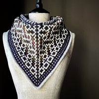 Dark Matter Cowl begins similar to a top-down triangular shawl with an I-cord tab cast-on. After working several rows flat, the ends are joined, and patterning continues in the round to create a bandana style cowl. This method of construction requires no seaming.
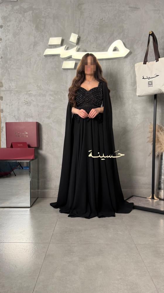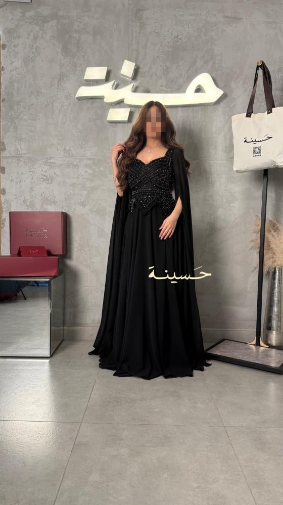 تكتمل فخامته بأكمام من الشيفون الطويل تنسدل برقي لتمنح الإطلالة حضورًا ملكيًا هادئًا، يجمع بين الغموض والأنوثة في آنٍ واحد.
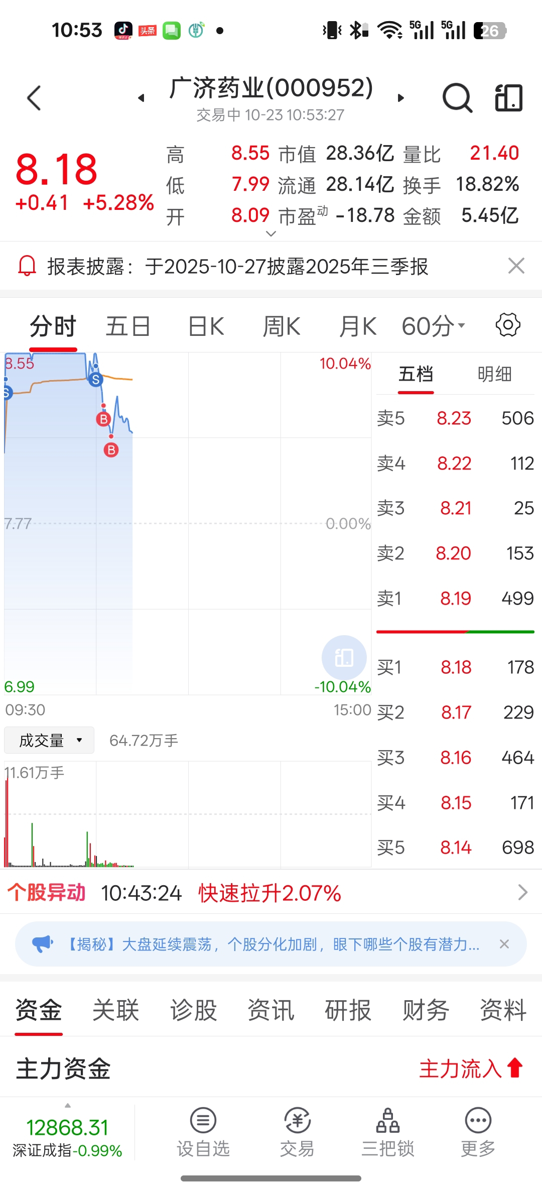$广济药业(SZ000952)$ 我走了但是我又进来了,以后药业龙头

---

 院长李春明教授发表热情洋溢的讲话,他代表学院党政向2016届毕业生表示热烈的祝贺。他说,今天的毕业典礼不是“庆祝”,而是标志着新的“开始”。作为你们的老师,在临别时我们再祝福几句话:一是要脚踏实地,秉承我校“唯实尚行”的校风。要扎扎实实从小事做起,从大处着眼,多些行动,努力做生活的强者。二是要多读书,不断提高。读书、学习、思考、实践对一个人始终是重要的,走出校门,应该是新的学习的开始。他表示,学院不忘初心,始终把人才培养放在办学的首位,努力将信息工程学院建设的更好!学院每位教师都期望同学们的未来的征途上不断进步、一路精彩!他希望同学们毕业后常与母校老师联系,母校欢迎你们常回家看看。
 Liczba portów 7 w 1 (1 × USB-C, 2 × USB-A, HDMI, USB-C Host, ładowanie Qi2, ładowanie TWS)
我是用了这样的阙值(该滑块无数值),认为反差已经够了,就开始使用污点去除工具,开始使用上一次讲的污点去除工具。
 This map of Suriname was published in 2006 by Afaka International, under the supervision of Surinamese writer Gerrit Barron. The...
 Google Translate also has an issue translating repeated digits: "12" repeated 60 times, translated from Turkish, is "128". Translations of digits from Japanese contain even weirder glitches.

...

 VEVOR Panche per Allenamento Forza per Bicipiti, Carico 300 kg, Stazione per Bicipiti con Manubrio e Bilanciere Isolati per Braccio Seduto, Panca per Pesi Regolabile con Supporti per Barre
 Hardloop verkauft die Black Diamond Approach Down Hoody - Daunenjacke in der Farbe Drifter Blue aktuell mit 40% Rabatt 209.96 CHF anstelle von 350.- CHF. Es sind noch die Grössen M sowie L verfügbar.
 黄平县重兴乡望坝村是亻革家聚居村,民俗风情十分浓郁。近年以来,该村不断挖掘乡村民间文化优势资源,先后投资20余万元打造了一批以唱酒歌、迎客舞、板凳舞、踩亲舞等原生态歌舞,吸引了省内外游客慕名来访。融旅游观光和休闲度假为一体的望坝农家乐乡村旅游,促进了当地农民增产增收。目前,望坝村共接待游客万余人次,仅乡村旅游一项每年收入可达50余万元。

- **Activity**
Look back at the entries above. Retype the line with "我是用了这样的阙值(该滑块无", the line with "Google Translate also", and all lines in between.

- **Result of the exercise**
我是用了这样的阙值(该滑块无数值),认为反差已经够了,就开始使用污点去除工具,开始使用上一次讲的污点去除工具。
 This map of Suriname was published in 2006 by Afaka International, under the supervision of Surinamese writer Gerrit Barron. The...
 Google Translate also has an issue translating repeated digits: "12" repeated 60 times, translated from Turkish, is "128". Translations of digits from Japanese contain even weirder glitches.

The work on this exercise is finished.